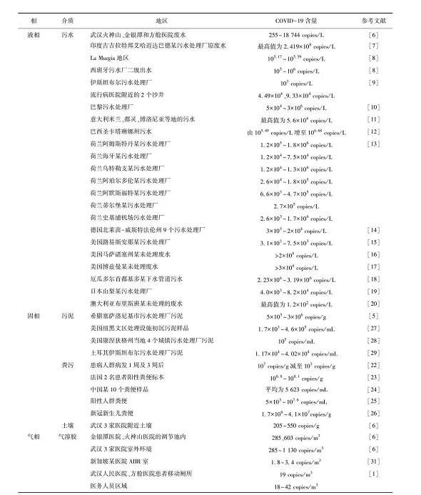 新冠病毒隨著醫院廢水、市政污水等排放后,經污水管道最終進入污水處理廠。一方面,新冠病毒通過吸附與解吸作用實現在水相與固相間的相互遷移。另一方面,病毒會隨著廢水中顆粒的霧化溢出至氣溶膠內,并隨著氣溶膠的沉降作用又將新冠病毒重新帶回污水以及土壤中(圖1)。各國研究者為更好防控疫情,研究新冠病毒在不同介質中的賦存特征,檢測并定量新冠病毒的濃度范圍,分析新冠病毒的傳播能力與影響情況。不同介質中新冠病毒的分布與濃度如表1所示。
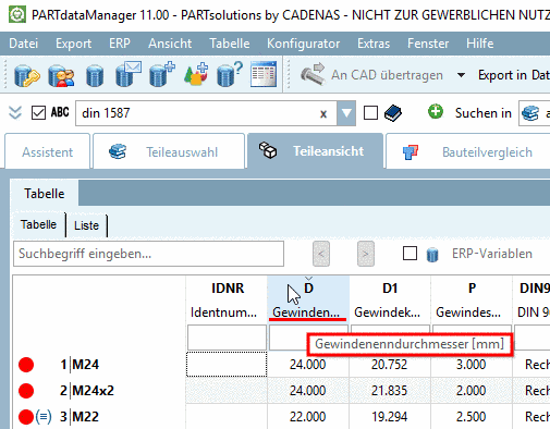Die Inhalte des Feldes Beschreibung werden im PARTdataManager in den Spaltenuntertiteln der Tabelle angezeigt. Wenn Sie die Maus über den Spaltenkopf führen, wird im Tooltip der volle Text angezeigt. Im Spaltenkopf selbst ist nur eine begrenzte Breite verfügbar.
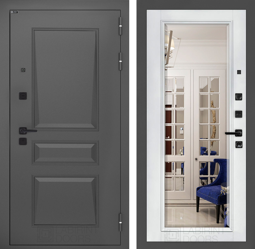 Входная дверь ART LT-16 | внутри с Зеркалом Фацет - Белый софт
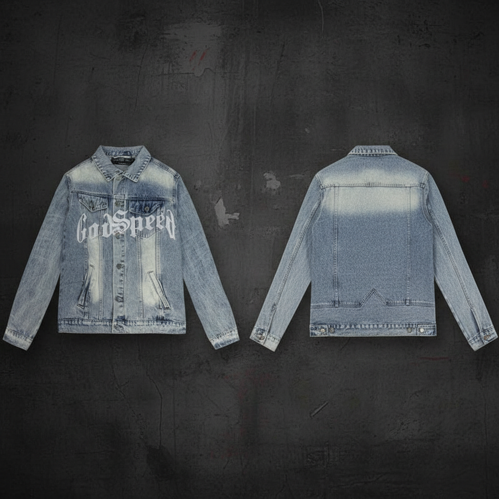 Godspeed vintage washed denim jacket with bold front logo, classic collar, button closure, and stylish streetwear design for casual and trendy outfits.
+===+
The lines to copy run from the one with "Входная дверь ART" through the end of the material. Write them out exactly, leaving out the pictures.

 Входная дверь ART LT-16 | внутри с Зеркалом Фацет - Белый софт
 Godspeed vintage washed denim jacket with bold front logo, classic collar, button closure, and stylish streetwear design for casual and trendy outfits.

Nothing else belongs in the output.